DATA BELOW:
== == ==
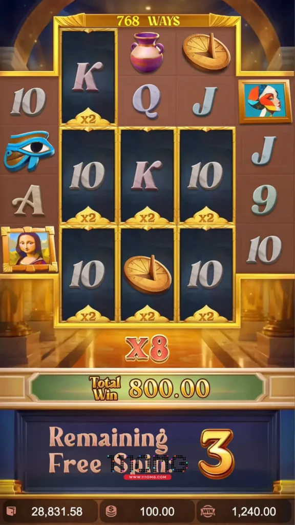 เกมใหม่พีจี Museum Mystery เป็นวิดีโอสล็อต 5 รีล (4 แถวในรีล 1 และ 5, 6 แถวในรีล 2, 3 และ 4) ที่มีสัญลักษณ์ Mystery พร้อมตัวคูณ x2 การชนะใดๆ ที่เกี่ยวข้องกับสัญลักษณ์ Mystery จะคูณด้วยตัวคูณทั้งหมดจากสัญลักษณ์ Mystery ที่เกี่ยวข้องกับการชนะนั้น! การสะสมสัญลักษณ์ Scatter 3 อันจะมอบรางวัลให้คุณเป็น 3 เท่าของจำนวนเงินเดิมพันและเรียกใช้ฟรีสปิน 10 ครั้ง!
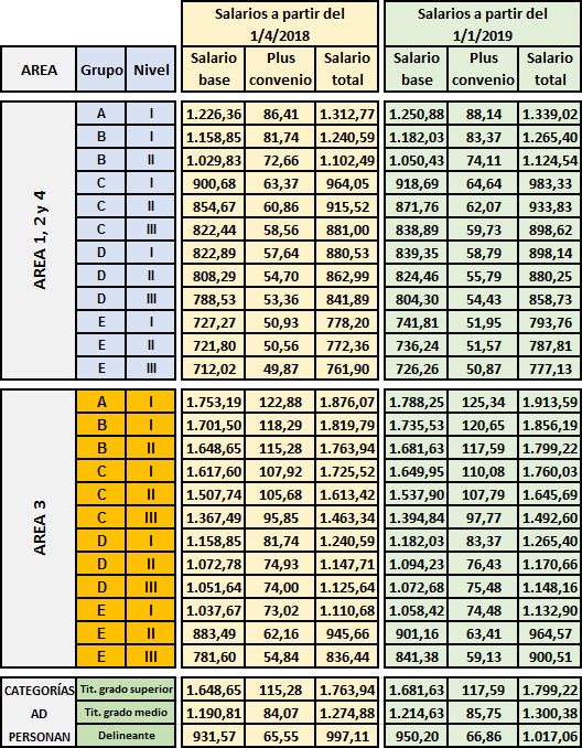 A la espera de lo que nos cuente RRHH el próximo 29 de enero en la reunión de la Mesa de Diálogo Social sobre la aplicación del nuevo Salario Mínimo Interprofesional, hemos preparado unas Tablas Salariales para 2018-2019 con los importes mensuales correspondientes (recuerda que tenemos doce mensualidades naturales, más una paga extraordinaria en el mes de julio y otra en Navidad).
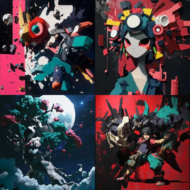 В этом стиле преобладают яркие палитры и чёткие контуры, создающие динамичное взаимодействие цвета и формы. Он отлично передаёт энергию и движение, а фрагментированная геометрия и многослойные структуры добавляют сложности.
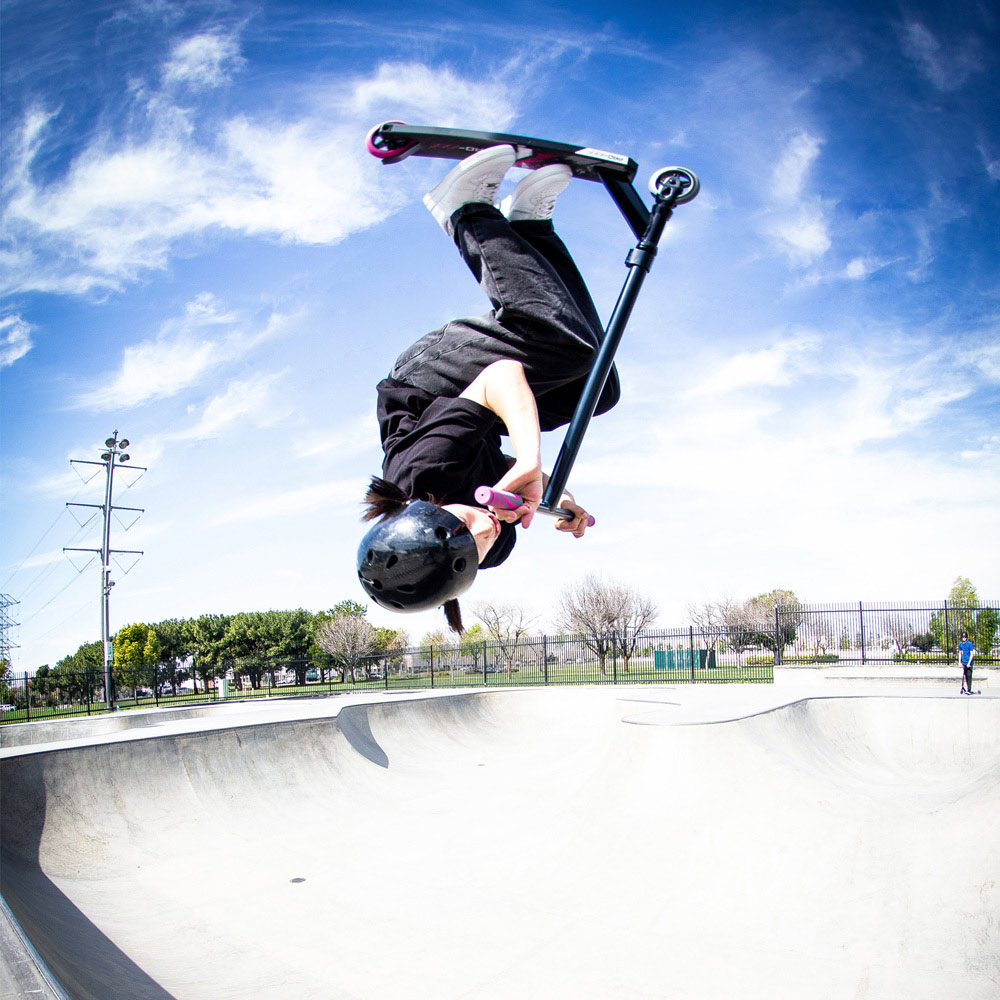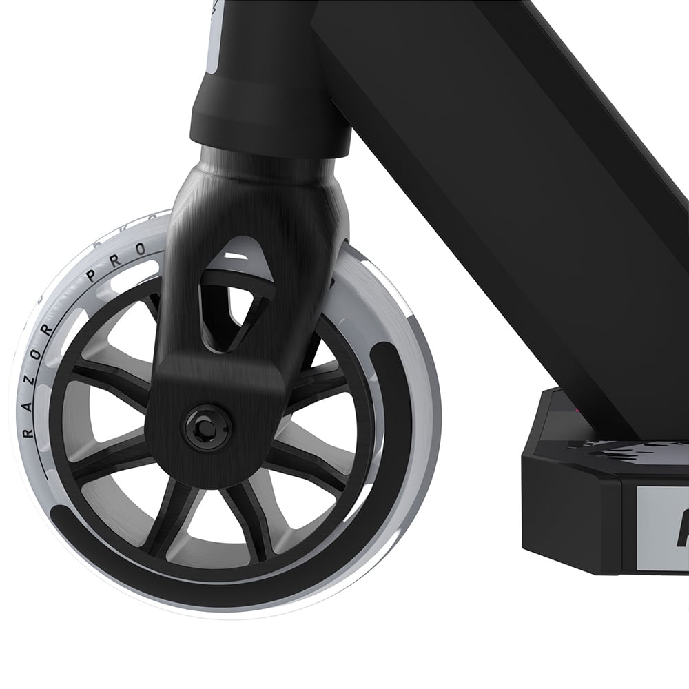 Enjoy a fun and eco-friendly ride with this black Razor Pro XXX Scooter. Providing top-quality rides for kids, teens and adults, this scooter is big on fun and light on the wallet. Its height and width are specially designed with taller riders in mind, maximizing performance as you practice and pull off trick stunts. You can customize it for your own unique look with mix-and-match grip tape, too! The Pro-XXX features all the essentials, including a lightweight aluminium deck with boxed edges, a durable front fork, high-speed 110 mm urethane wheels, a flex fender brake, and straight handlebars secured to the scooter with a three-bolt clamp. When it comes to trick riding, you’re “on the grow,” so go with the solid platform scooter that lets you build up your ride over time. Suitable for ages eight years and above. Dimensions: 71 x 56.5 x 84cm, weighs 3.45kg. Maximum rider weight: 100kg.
== == ==
EXERCISE GOAL:
With pictures left out, repeat exactly the lines from the one containing "В этом стиле" through the last line of the data above, inclusive, and nothing else.

ANSWER BOX:
 В этом стиле преобладают яркие палитры и чёткие контуры, создающие динамичное взаимодействие цвета и формы. Он отлично передаёт энергию и движение, а фрагментированная геометрия и многослойные структуры добавляют сложности.
 Enjoy a fun and eco-friendly ride with this black Razor Pro XXX Scooter. Providing top-quality rides for kids, teens and adults, this scooter is big on fun and light on the wallet. Its height and width are specially designed with taller riders in mind, maximizing performance as you practice and pull off trick stunts. You can customize it for your own unique look with mix-and-match grip tape, too! The Pro-XXX features all the essentials, including a lightweight aluminium deck with boxed edges, a durable front fork, high-speed 110 mm urethane wheels, a flex fender brake, and straight handlebars secured to the scooter with a three-bolt clamp. When it comes to trick riding, you’re “on the grow,” so go with the solid platform scooter that lets you build up your ride over time. Suitable for ages eight years and above. Dimensions: 71 x 56.5 x 84cm, weighs 3.45kg. Maximum rider weight: 100kg.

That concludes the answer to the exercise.